Ernie felt Scout’s nose push between his calves. She barked and squirmed outside. Her teeth were bared. There was a hollow thump as Round Face’s square toed boot met her ribs. She yelped once before collapsing at the boy’s feet. “You bastards!” Ernie said and crouched to put his hands on her side. He felt her ribs rise as she struggled to breathe. She whimpered when he found the place where she’d been kicked.
“What you two doing here?” Nanny said.
Ernie looked over his shoulder at her.
“Friggin’ dog came after us!” Round Face said.
Ernie began to straighten up. Fear was replaced by an anger so deep he almost remembered where he’d felt it once before. He crouched, left foot ahead of right, keeping his knees and elbows bent the way he’d been taught. His fists were clenched tight against his ribs.

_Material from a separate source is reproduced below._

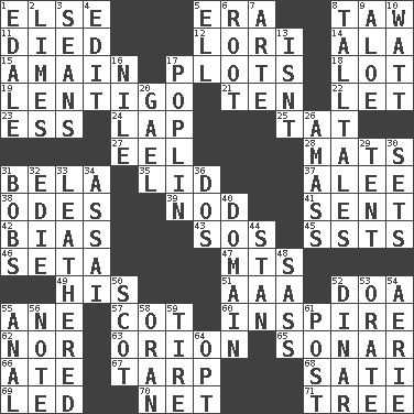 ACROSS 1. Otherwise 5. Epoch 8. The 23rd letter of the Hebrew alphabet 11. Passed on 12. Australian parrot (variant) 14. Chicken ___ king 15. With great haste 17. Small pieces of grounds 18. Car dealer's back yard 19. Small, flat, pigmented spot on the skin 21. Nine, plus one 22. Allow 23. Curvy letter 24. Pet locale 25. Make lace 27. Snakelike fish 28. Floor coverings 31. Actor Lugosi 35. Hat (slang) 37. Toward shelter 38. Lyric poems 39. Dreamland 41. Posted 42. Prejudice 43. Distress signal 45. Fast planes 46. Bristle 47. Mountains (abbr.) 49. Part of HMS, perhaps 51. Auto club (abbr.) 52. ___ good deed 55. A saturated hydrocarbon 57. Small bed 60. Stimulate to action 62. And not 63. Constellation of myth 65. Echolocation 66. Had dinner 67. Canvas cover 68. Suttee (variant) 69. Directed 70. Fish or hair follower 71. Relationship diagram DOWN 1. Peak District village in England 2. Citrus fruits 3. Actors Connery and Penn 4. Prepare for publication 5. Pipe bend 6. Carrot, for example 7. Johnson of "Laugh-In" 8. Baron Munchausen's specialties 9. Medicinal plant 10. Electrical Unit 13. Is not 16. The longest river in the world 17. Cotton for raincoats, e.g. 20. Highlander 26. Collect or gather 29. Portable shelter 30. Puts into a specified state 31. Moves up and down 32. Singer Brickell 33. Tough but pliablecoriaceous 34. Slender Brazilian palm 36. Two (Sp.) 40. Realm 44. Comedian Laurel of Laurel & Hardy 48. Backtalk 50. Highlander 52. Middle Eastern gold or silver currency 53. Speak pompously 54. Nest on high 55. Of or related to the anus 56. Brief written record 58. Northwest Algerian city 59. Become fatigued 61. Mail 64. Choose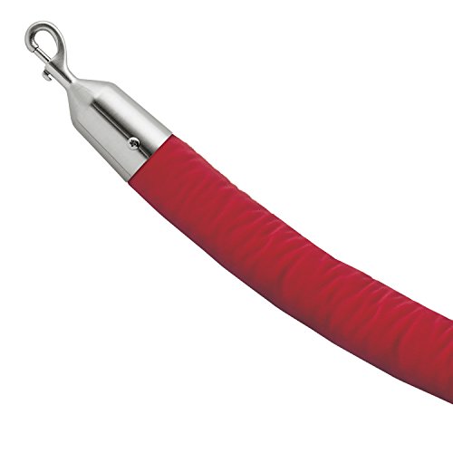 Lavi Industries Velvet Rope with Snap Hooks, 6 feet long, Cardinal Red and Satin Stainless Steel

“Ernie!” Nanny said. “No more of that goddamned karate!”
He took a step forward. The men looked at one another. Round Face moved his right hand inside his jacket.
“Ernie! For Christ’s sake, no!”
He took another step.
“Ernie!” Come here!” Nanny gripped the back of his shirt. Ernie turned to her.
“Stick with Granny, boy,” Round Face said.
Nanny reached out and grabbed the muscle running from Ernie’s neck to his shoulder. He leaned his head into the pain. She looked at the two men, “You’re Bob’s buddies.”
“We’re private investigators.” Round Face stuck his right thumb in behind a suspender.
“Bull shit! You’re Lester,” she said to Round Face then pointed at baldy, “You’re Marvin. I bet the two of you are lookin’ for Bob and his money. I remember you tried to put the scare into me when my Judy ran away.”
“You’re crazy,” Lester said before glancing at his brother.
Nanny stepped toward them. “Where’s my Judy?”
“How the hell would we know?”
“I swore after you two and Bob messed up my family, I’d never let anyone do that again.” She reached into her pocket and pulled out a pack of cigarettes.
“What can you do about it?” Lester’s smile revealed a gold crown.
“Ever seen what happens when fire and oxygen mix?” She moved a step closer to them.
They stepped back. “You always were a crazy bitch.” Lester put his hands out front to push her away.
“Still am.” She opened the cigarette package and lifted out a red lighter.
“We’re not afraid of you!” Lester said over his shoulder while backing away. “You and your wop grandson!”
“Come close to me or mine again and I’ll… ” she pulled the oxygen tubes over her head, dropped them to the ground, put a smoke between her lips and lit. “… burn the pair of you.”
Ernie and Nanny watched as the brothers hurried across the street and opened the doors of the Ford.
“Took me a while to figure out that the reason those two are always trying to scare other people is ‘cause they’re chicken.” She pointed the cigarette at the retreating pair. “When somebody like that is always trying to scare you, it means there’s a good chance they’re afraid.”
“Just like Bob,” Ernie said.
“That’s right.” She put the cigarette to her lips. “I’m gonna make a fresh pot of coffee. Want a cup?”